EXERCISE BRIEF:
Your task is to copy each line of the listing that contains the word "from".

*** SUPPLIED RECORDS ***

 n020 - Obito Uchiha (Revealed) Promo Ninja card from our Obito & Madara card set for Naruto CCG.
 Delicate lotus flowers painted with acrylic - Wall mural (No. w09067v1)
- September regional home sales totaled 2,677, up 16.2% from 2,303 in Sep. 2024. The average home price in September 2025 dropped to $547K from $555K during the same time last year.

*** End of SUPPLIED RECORDS ***
*** SUPPLIED RECORDS ***

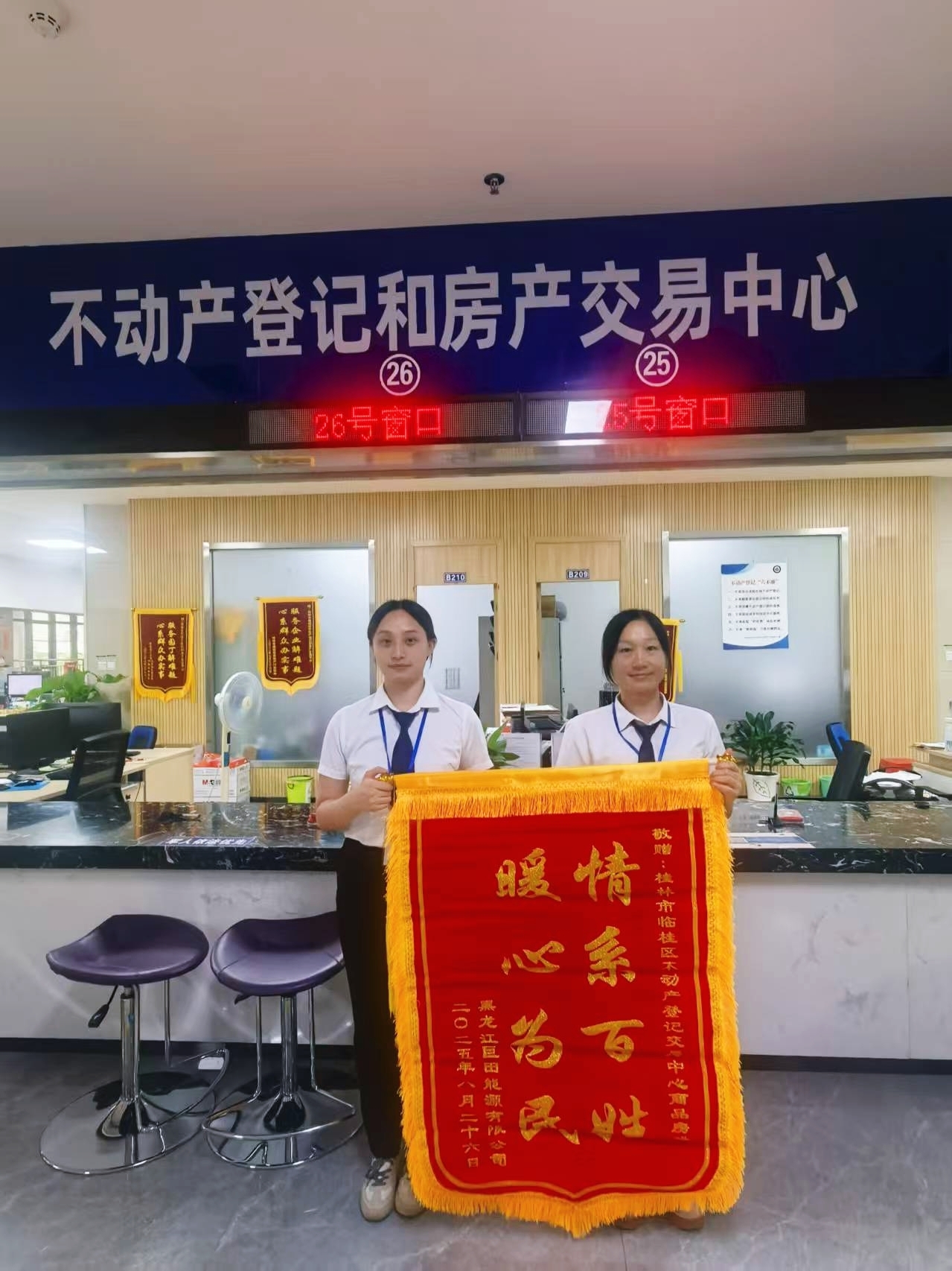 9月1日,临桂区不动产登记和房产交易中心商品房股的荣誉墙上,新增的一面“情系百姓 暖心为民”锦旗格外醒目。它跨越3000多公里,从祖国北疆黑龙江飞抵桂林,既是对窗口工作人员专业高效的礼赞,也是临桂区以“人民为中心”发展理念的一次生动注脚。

*** End of SUPPLIED RECORDS ***

RESULT:
 n020 - Obito Uchiha (Revealed) Promo Ninja card from our Obito & Madara card set for Naruto CCG.
- September regional home sales totaled 2,677, up 16.2% from 2,303 in Sep. 2024. The average home price in September 2025 dropped to $547K from $555K during the same time last year.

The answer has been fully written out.